═══ MATERIAL FOR THIS EXERCISE ═══
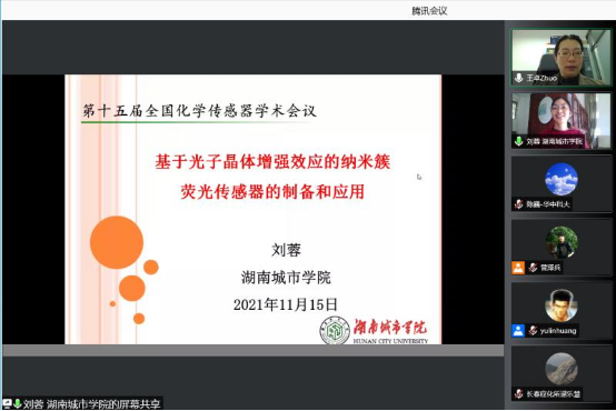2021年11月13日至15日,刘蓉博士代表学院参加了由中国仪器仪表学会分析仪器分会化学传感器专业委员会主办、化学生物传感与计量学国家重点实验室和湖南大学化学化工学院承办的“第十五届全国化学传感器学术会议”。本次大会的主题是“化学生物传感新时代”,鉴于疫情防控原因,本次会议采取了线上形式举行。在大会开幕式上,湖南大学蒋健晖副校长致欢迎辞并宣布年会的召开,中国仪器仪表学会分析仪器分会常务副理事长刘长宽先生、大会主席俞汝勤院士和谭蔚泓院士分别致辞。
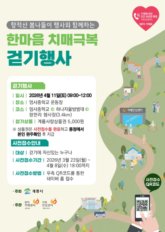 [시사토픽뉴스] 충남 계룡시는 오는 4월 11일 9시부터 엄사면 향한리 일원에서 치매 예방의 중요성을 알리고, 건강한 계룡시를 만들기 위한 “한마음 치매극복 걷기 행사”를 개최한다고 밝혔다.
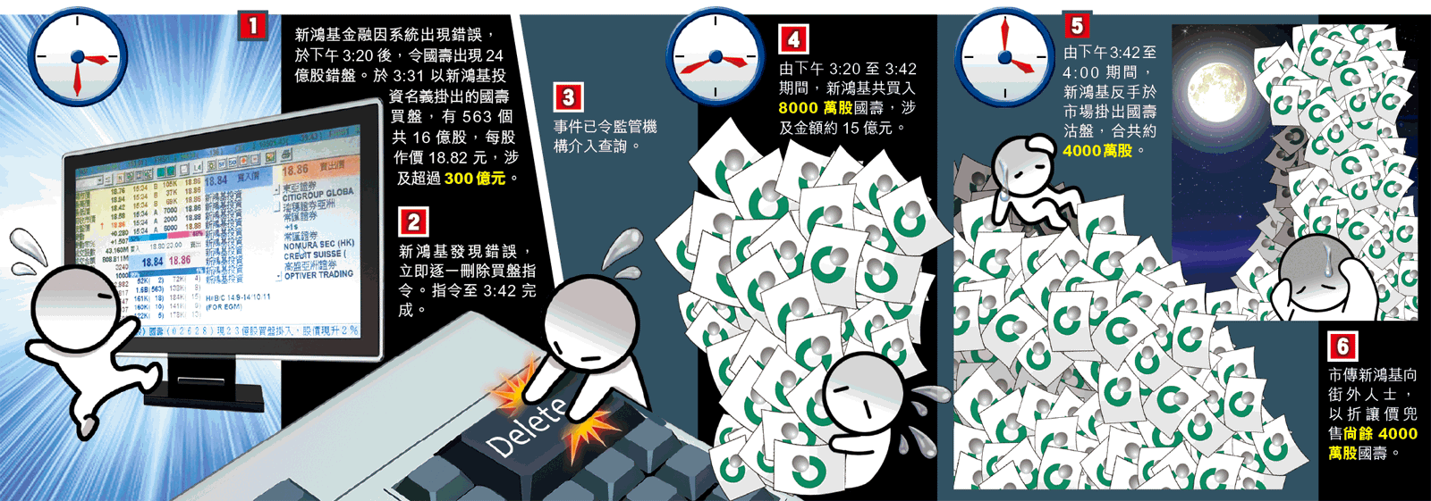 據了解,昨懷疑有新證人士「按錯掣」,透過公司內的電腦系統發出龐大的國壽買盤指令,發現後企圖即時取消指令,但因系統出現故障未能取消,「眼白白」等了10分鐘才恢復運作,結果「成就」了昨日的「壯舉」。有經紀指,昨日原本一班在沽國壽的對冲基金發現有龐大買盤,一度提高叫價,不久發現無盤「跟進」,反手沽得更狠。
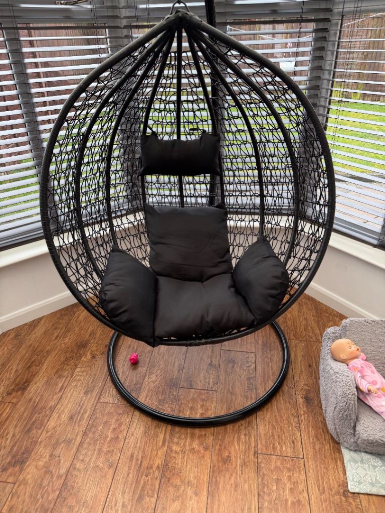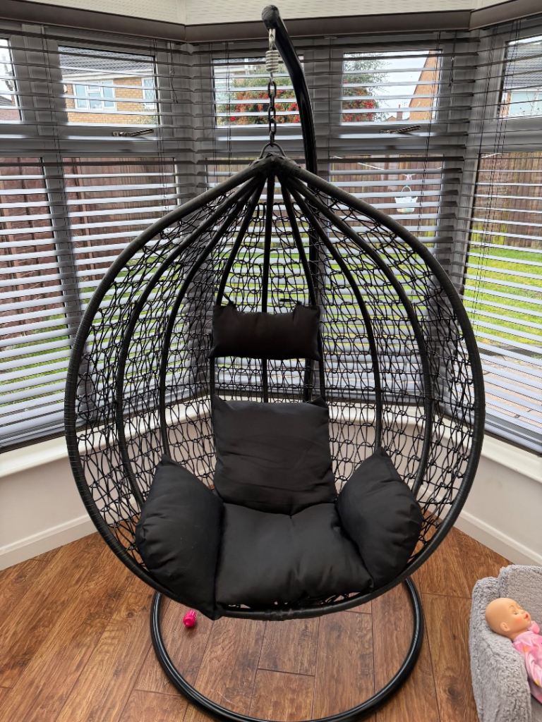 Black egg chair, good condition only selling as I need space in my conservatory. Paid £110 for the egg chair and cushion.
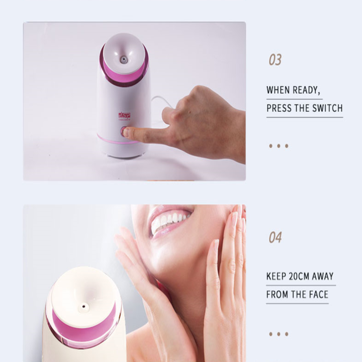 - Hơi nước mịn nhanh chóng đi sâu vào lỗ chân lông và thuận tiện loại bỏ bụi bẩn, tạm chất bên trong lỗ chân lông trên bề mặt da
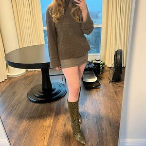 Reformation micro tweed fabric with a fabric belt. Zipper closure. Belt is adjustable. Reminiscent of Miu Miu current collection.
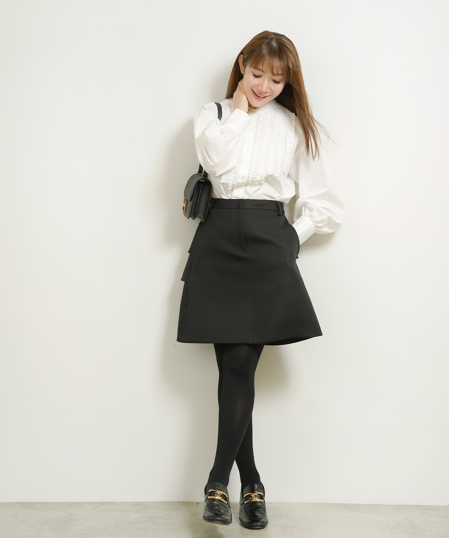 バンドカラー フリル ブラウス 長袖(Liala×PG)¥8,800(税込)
═══
REQUIRED WORK ▸ The result should be the same data as above, line for line, with the pictures gone.

TASK RESULT ▸
2021年11月13日至15日,刘蓉博士代表学院参加了由中国仪器仪表学会分析仪器分会化学传感器专业委员会主办、化学生物传感与计量学国家重点实验室和湖南大学化学化工学院承办的“第十五届全国化学传感器学术会议”。本次大会的主题是“化学生物传感新时代”,鉴于疫情防控原因,本次会议采取了线上形式举行。在大会开幕式上,湖南大学蒋健晖副校长致欢迎辞并宣布年会的召开,中国仪器仪表学会分析仪器分会常务副理事长刘长宽先生、大会主席俞汝勤院士和谭蔚泓院士分别致辞。
 [시사토픽뉴스] 충남 계룡시는 오는 4월 11일 9시부터 엄사면 향한리 일원에서 치매 예방의 중요성을 알리고, 건강한 계룡시를 만들기 위한 “한마음 치매극복 걷기 행사”를 개최한다고 밝혔다.
 據了解,昨懷疑有新證人士「按錯掣」,透過公司內的電腦系統發出龐大的國壽買盤指令,發現後企圖即時取消指令,但因系統出現故障未能取消,「眼白白」等了10分鐘才恢復運作,結果「成就」了昨日的「壯舉」。有經紀指,昨日原本一班在沽國壽的對冲基金發現有龐大買盤,一度提高叫價,不久發現無盤「跟進」,反手沽得更狠。
 Black egg chair, good condition only selling as I need space in my conservatory. Paid £110 for the egg chair and cushion.
 - Hơi nước mịn nhanh chóng đi sâu vào lỗ chân lông và thuận tiện loại bỏ bụi bẩn, tạm chất bên trong lỗ chân lông trên bề mặt da
 Reformation micro tweed fabric with a fabric belt. Zipper closure. Belt is adjustable. Reminiscent of Miu Miu current collection.
 バンドカラー フリル ブラウス 長袖(Liala×PG)¥8,800(税込)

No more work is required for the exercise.